You can contribute up to a maximum $5,500 to a TFSA in 2014, and carry forward unused contribution room from previous years. The contribution limit is not income-tested as it is for an RRSP, so anyone can contribute the maximum every year regardless of their income level. There’s no deduction for contributions, as there is for RRSPs, but that’s offset by the tax-free nature of income generated within the plan, as well as on withdrawals.

Add to your Registered Retirement Savings Plan. Use your tax refund to top up your RRSP contribution. You’ll generate a tax deduction for this year (consider it a reward for letting the feds use your money tax-free in the previous year) and tax on any growth on investments in the RRSP is deferred until you collapse the plan, presumably many years from now at retirement.

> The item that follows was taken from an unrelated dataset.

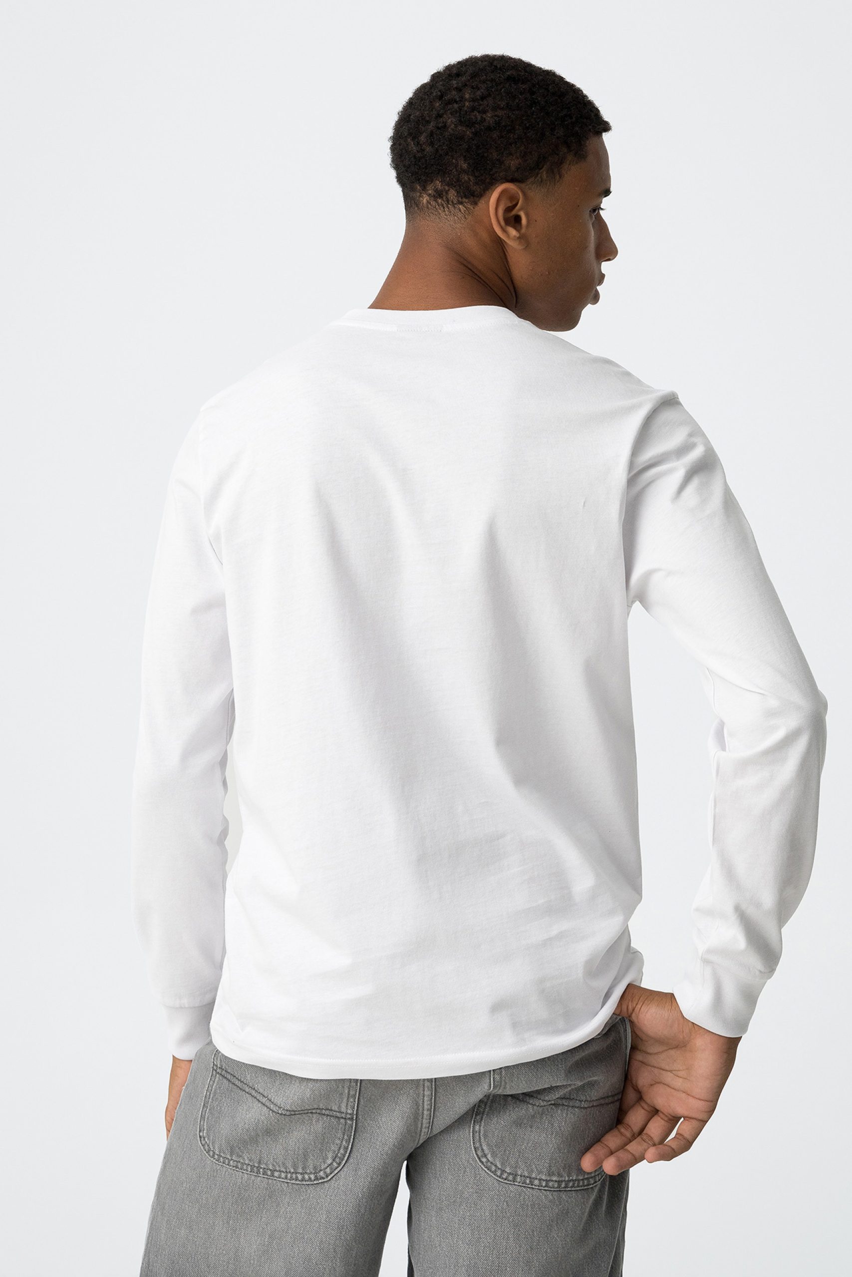 Gola redonda e manga longa.

A tax refund is a mistake…yours

As I said, getting a regular annual tax refund, especially a large one is often a sign of poor tax planning. For most taxpayers it means the tax-owing calculation on your General T1 Tax Return is less than the amount withheld at source by your employer.

Tax withholding at source is simply the amount of tax your employer has calculated should be withheld from your paycheque and remitted to the government based on Form TD1 – Personal Tax Credits, which you’ll have filled out on the first day of your employment. This includes such tax credits as the Basic Personal Amount, as well as such items as Child, Age, Tuition, Caregiver, Dependent amounts. If you’ve missed any of these (or added some since you joined your employer), you can make changes to these amounts by asking your employer for a new Form TD1. That should result in lower withholding from your paycheque.

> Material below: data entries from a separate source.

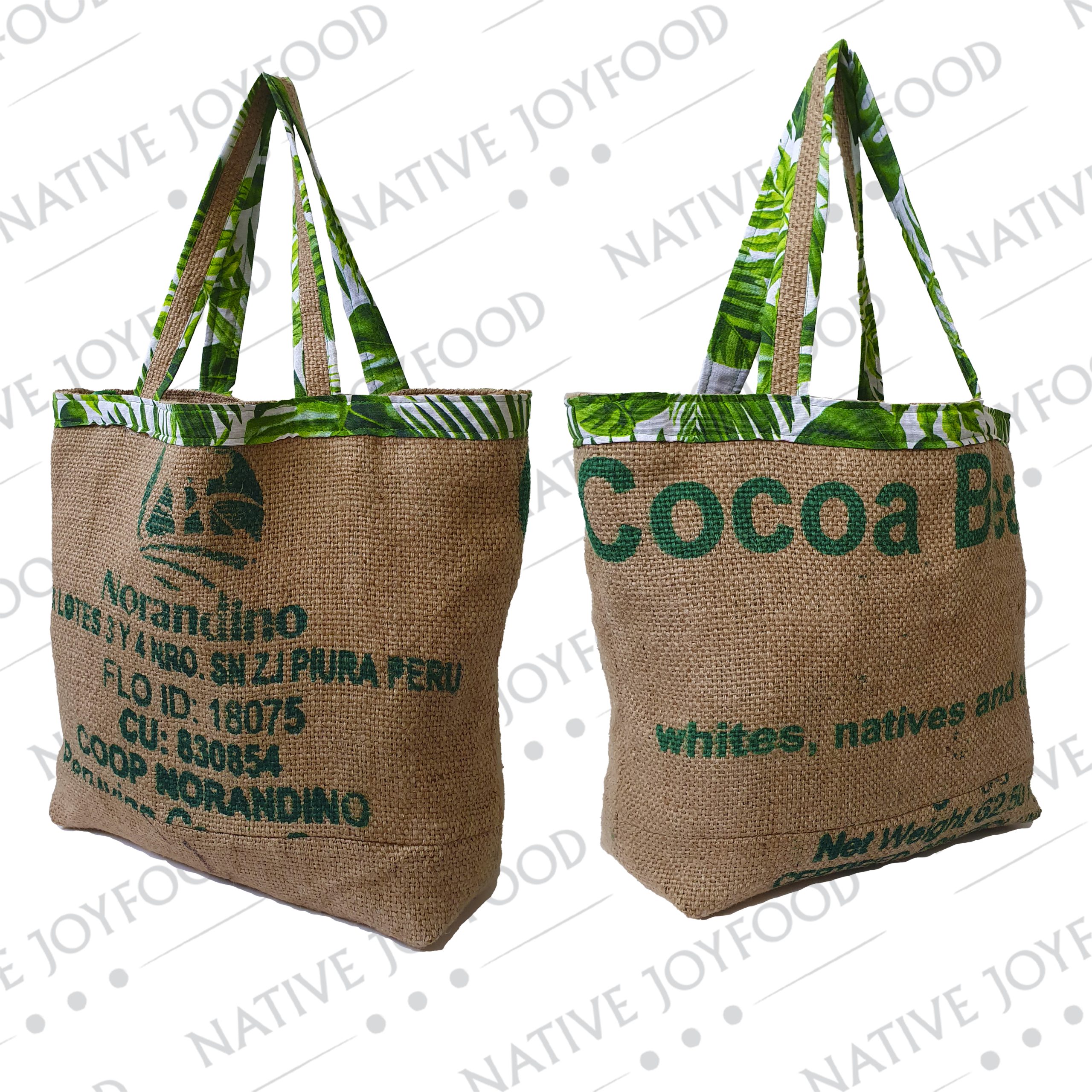• Cosa è: borsa realizzata con sacco di juta riciclato, materiale semplice, ma carico di storie, quelle dei coltivatori e dei lunghi viaggi che rendono possibile uno dei cioccolati che amiamo: Aruntam Piura Albino Peru 72%. Questa tote bag è un pezzo unico, che unisce l’estetica grezza della juta a finiture sartoriali. In questo modo porterai con te, un accessorio sostenibile, autentico e irripetibile. È più di una borsa, è un frammento del nostro mondo artigianale da portare sempre con te. • Come è fatta: Materiali: esterno in juta riciclata, fodera in loneta. Bottone a calamita. Tasca interna. Misure: Lunghezza 35 cm. x Profondità 15 cm. x Altezza 38cm. • Per maggiori informazioni o per conoscere le borse disponibili o gli altri prodotti in lavorazione, contatta Native Joyfood.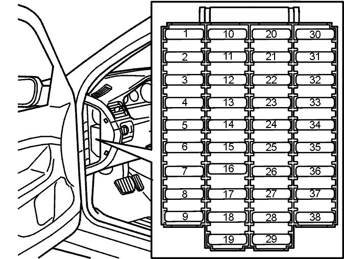 Fuse holder in passenger compartment/cargo compartment. See Connector fuse holder, repair Connector Fuse Holder, Repair.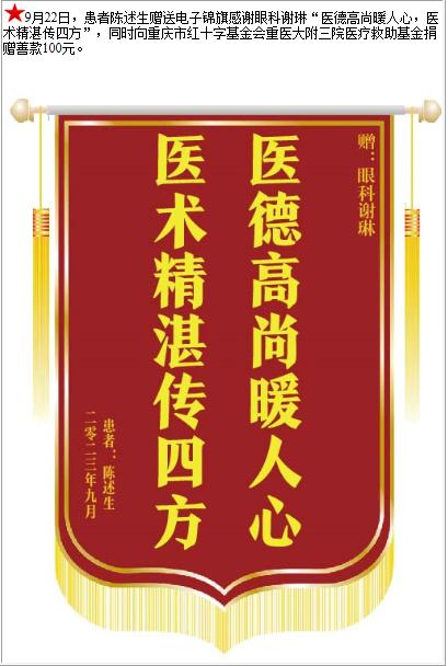 患者陈述生赠送电子锦旗感谢眼科谢琳,并向医疗救助基金捐赠善款100元-锦旗-患者心声-患者服务-重庆医科大学附属第三医院【官方网站】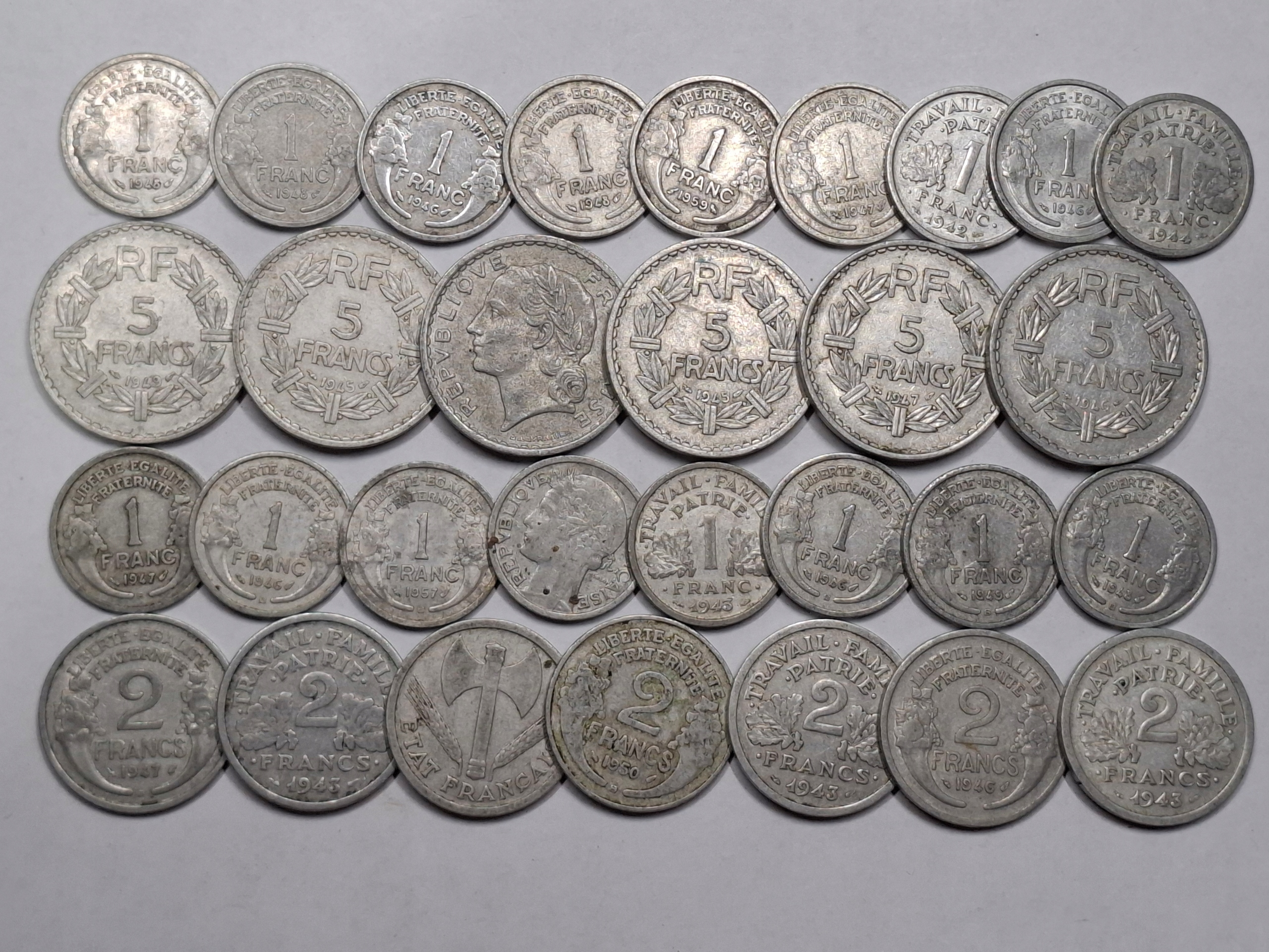 Старий Франція 30 монет від 1 до 5 франків Цікава суміш -nr0521

Include regular deductions and non-refundable credits

However, Form TD1 does not include deductions or non-refundable tax credits such as contributions to an RRSP, childcare or employment expenses, and charitable donations. These can used to further cut withholding at source, by filing Form T1213 – Request to Reduce Tax Deductions at Source with the CRA. If approved, you’ll get a Letter of Authority from the CRA, which you’ll give to your employer, who will make the necessary adjustments to your source withholding tax.

Then, with any luck, on next year’s tax return you’ll have a zero balance in the refund or the amount owing box. Now that’s good planning!